The Outage You Didn't Plan For
At 11:47pm on a Thursday, your primary LLM provider started returning 503s. Not all requests - about 30%. Enough to degrade your system visibly. Not enough to trigger your simple error rate alert.
By midnight, it was 60%. Your application was timing out on every other request. Support tickets were filing. Your on-call engineer was staring at a graph that looked like a saw blade.
At 12:23am the provider posted an incident report. Estimated resolution: 2-4 hours.
Your system had three options: wait for the provider to recover, fail entirely, or fall back to something that kept working. You'd built options one and two. Option three didn't exist.
This is the failure mode the Graceful Degradation layer exists to prevent. Not model errors - infrastructure failures. The LLM endpoint going slow, rate-limited, or offline entirely. And since you treat the LLM as the application rather than a dependency, you have no fallback when it fails.
This is Part 6 of the Harness Engineering series. Part 1 introduced the seven-layer Harness Architecture. This article covers Layer 6 - Graceful Degradation - including retry strategies, fallback model selection, and circuit breaker patterns for LLM infrastructure.
The LLM Is an External Dependency
This reframe matters more than any specific pattern.
Your LLM provider is an external service. It has SLAs it may not meet. It has rate limits. It has incident history. It behaves exactly like any other third-party API in your infrastructure - except most teams treat it as if it were local function call.
Every pattern that distributed systems engineers use for external service reliability applies to LLMs:
- Retry with backoff for transient failures
- Circuit breakers to stop hammering degraded endpoints
- Fallback paths for when the primary is unavailable
- Timeouts to prevent cascading latency
- Bulkheads to isolate LLM failures from the rest of the system
None of this is novel. It's all standard distributed systems practice. The novelty is applying it to an LLM - which most teams don't, because they built the LLM call as if it were a reliable internal function.
Treat your LLM like you treat your payment processor. It will fail. Design for it.
I call the deliberate allocation of reliability work across these patterns Failure Budget Allocation: your system has a maximum tolerable error rate, and each resilience layer absorbs a portion of that budget. Retry absorbs transient noise. The circuit breaker absorbs degraded endpoints. The fallback absorbs extended outages.
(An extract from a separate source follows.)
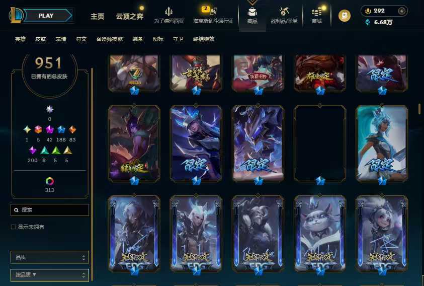 951原皮313炫彩⚡金蛇巨星瑟提⚡60神话40至臻⚡EDG冠军套⚡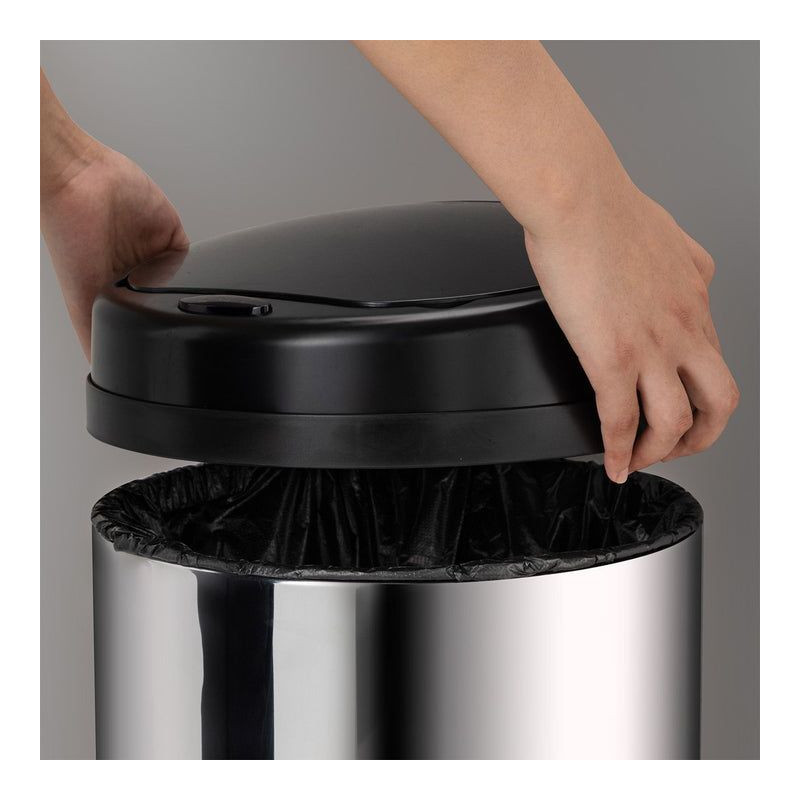 Odolná konštrukcia z nerezovej ocele a priestranný objem 40 litrov zaručujú dlhú životnosť a dostatok miesta na bežný odpad. Automatické otváranie veka pomocou senzora alebo dotykového panelu, jednoduchá údržba a bezpečné uchytenie vreca vďaka pevnému krúžku.

If any layer is missing, the failures it should have absorbed become user-facing incidents.
The Three Failure Modes of LLM Infrastructure
Failure Mode 1: Transient Errors
Rate limit hits. Temporary 503s. Network timeouts. Connection resets. These are brief, recoverable, and common. They affect individual requests, not the entire endpoint.
The right response is retry with exponential backoff. Wait, try again, wait longer, try again. Most transient failures resolve within seconds.
What teams get wrong: retrying immediately and repeatedly, which hammers an already-stressed endpoint and worsens the problem. Or not retrying at all, which turns a transient 1-second failure into a user-facing error.
Failure Mode 2: Degraded Performance
The endpoint is responding but slowly. P50 latency goes from 800ms to 8 seconds. Some requests succeed, some time out. This is the hardest failure mode to detect and respond to.
The right response is timeout enforcement plus fallback. Set hard timeouts on LLM calls. When the timeout rate exceeds a threshold, treat it as a degraded endpoint and route to a fallback.
What teams get wrong: no timeouts on LLM calls (requests hang for 30+ seconds), no threshold monitoring (don't know it's degraded until users complain), no fallback (when they detect it, there's nowhere to go).
Failure Mode 3: Extended Outage
The endpoint is down or unresponsive for minutes to hours. This is rare but happens. Provider incidents, maintenance windows, regional outages.
The right response is a circuit breaker that stops attempting the failed endpoint, routes all traffic to a fallback, and periodically probes for recovery.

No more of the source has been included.